Streaming, but make it scroll? The rise of the social media sitcom.

Somewhere between the TikTok skit economy and the prestige TV industrial complex, a new hybrid has emerged: the social media sitcom.
Brands are writing pilots, and you’re the laugh track. Think snack-sized, scripted worlds designed to live and die on your For You page.
It’s like Friends, but sponsored lol.
Brooklyn Coffee Shop roasts café customers. Bistro Huddy has an entire restaurant lore starring exactly one man in every role. Bratz is two seasons deep into Alwayz Bratz. Jewellery brand Alexis Bitta is four seasons into The Bittarverse. And Tower 28, never one to blush, hired an actual HBO comedy writer to make The Blush Lives of Sensitive Girls.
Even Bilt, Pretzelized, and Oatly are among those experimenting with the format as we speak.
It’s kind of funny to me that, at a time when the internet feels more fragmented than ever (good luck getting two people to agree on a favourite app, let alone a show), brands are suddenly playing network execs, trying to resurrect appointment viewing.
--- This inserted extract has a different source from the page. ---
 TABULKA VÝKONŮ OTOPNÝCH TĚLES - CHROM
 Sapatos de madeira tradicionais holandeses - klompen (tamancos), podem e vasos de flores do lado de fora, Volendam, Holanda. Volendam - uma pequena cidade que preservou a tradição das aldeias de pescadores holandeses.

Except your “Thursday night line-up” is now whatever the algorithm blesses between cat memes and a skincare haul.
So, why now?
Partly because chaos-posting peaked when Duolingo’s owl was twerking on the timeline. That shtick has a shelf life. But the sitcom approach is continuity-driven. Characters, storylines, running jokes: stuff you actually want to stick around for.
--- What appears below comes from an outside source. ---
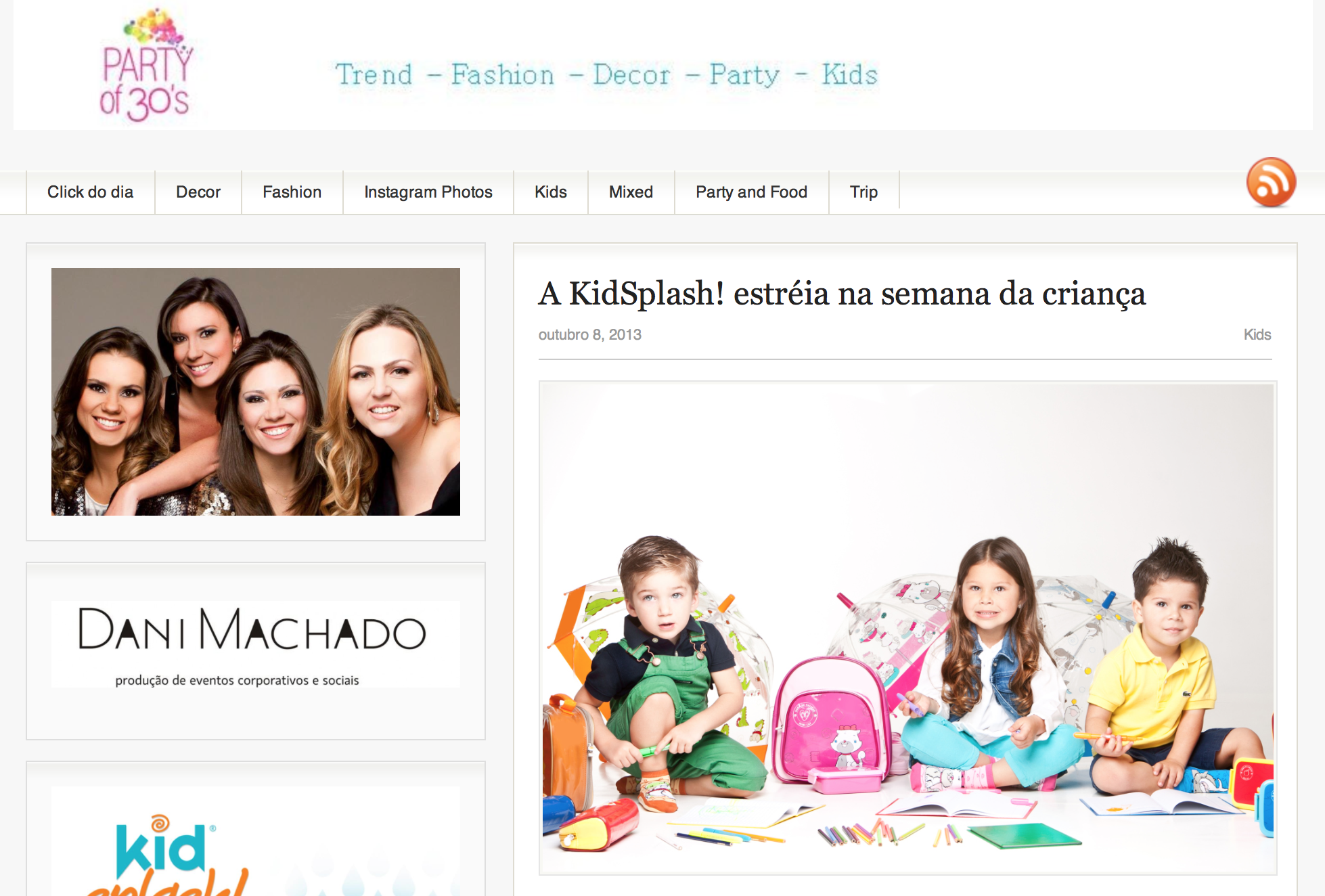 O Party of 30′s é um blog de tendências assinado por 4 amigas super antenadas e cheias de personalidade. Elas postam dicas de moda, beleza, viagens, gastronomia, arquitetura, decoração e crianças. Pra quem é fã “do tudo ao mesmo tempo agora”, esse é o blog. E a KidSplash! já está no Party of 30’s, é só conferir AQUI.

People don’t want another viral stunt. They want someone (or something) to root for, even if it’s a plastic doll or a fictional waiter who’s really good at wigs.
Should every brand grab a writers’ room and start storyboarding Season 1?
Absolutely fkn not.
A sitcom isn’t a magic funnel. It only works if you’ve got a distinct world, a tone, and characters that people want to hang out with.
Bratz dolls are practically built for melodrama. Blush was risky, but Tower 28 leaned into absurdity and pulled it off. But if your “characters” are just spokespeople with a ring light… maybe stick to Instagram Stories, babes…
If you’re hellbent on trying it out then here’s the golden rule: (yes I made it up, no it doesn’t matter, duh.)
Entertainment first, marketing second.
No one’s tuning into Season 3 of Moisturiser: The Flaky Skin Sitcom. But if your brand has the stamina to commit past three episodes, a POV sharp enough to write actual punchlines, and the humility to not sell every five seconds… you might just win your own mini-fanbase.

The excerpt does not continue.